Près du bus bagarreur, des désordres,

des quêteurs de trésors simples et nécessaires,

errait, en se signant devant un obélisque fruste,

la mère commune des miséreux vivants et morts.

Le tricoteur, aurait-on dit, m’imposait un précepteur :

surtout que rien d’autre ne te tente.

Il sévissait, pourtant ne me charmaient

ni douceur étrangère ni flatteries lassantes.

Juste un an de septembre à septembre.

Sanctionne-moi. Je regarde le boutonnement morose

d’un adolescent et du paysage. Puisque

le globe terrestre est une pensée ronde sur soi-même.

Septembre revenu. Cette dépêche aguichante au matin :

– on a livré du pain à la gare ! L’autobus

arrive ! – dans le coin on a soif

de friandises et d’une denrée exceptionnelle : l’essence.

Je suis pressée. Je me prépare

à ne pas rater le passage si rare de la diligence.

Je m’immisce dans le bon voisinage des vieilles querelles,

l’abri brinquebalant. A ma rencontre s’élancent pentes,

joie d’un sorbier, forêts rougeoyantes.

Cet autobus en tant que double inférieur de ma patrie.

Dans l’agressivité multiforme on pouvait dénicher

un visage qui avait conservé sa lumière et l’aimer.

Nous sommes arrivés. La citerne comme auparavant

ulcère les estomacs. Cette fois la boulangerie

parvient à lui disputer son triomphe.

Cérès n’est pas très aimable aujourd’hui.

Des bâillements font commerce de dahlias.

Seules abondent les pommes assiégées de guêpes.

Cependant nous ne sommes pas en mal d’inédit.

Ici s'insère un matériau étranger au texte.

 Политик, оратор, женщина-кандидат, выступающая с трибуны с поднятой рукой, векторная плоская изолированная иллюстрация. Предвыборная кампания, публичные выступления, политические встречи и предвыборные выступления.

L’import textile parade en divaguant.

Je suis parente de la lignée des monstres et des invalides.

La férocité tabasse les maux des âmes bestiales.

Parmi l’agitation, la va-et-vient, les marmonnements :

le tricoteur aveugle n’est présent nulle part.

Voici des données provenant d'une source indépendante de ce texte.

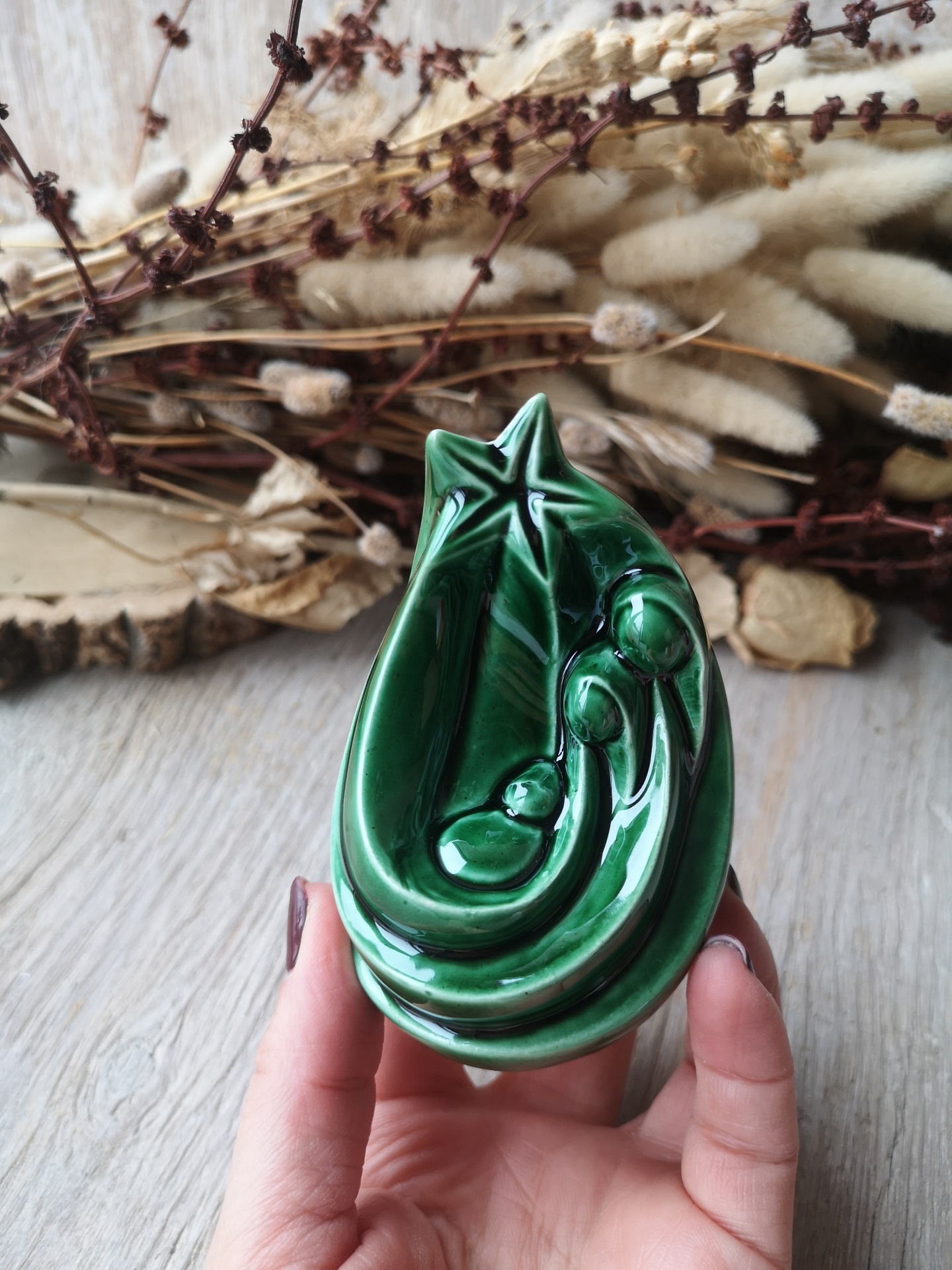 Escultura cerâmica verde de presépio com estrela, segurada por mão, ramos secos ao fundo

Les abords de la gare, je les parcours pour rien,

m’étonnant que la file d’attente de la citerne

soit divisée en grandes perches et en nains.

La pluie en maille prophétiques pendouille des nuages.

Celui qui tricotait son Odyssée arbitraire,

à force de scruter les cieux a dû s’y envoler.

Je savais que l’ouvrage n’aurait pas de fin,

du tricoteur venu d’un ailleurs où il vit

désormais, et son tricot relie la terre au firmament.

Mais sans lui ces lieux carnassiers

qui m’englobent sont d’une noirceur plus grande.

Comment racheter la faute ? Où que tu sois réponds.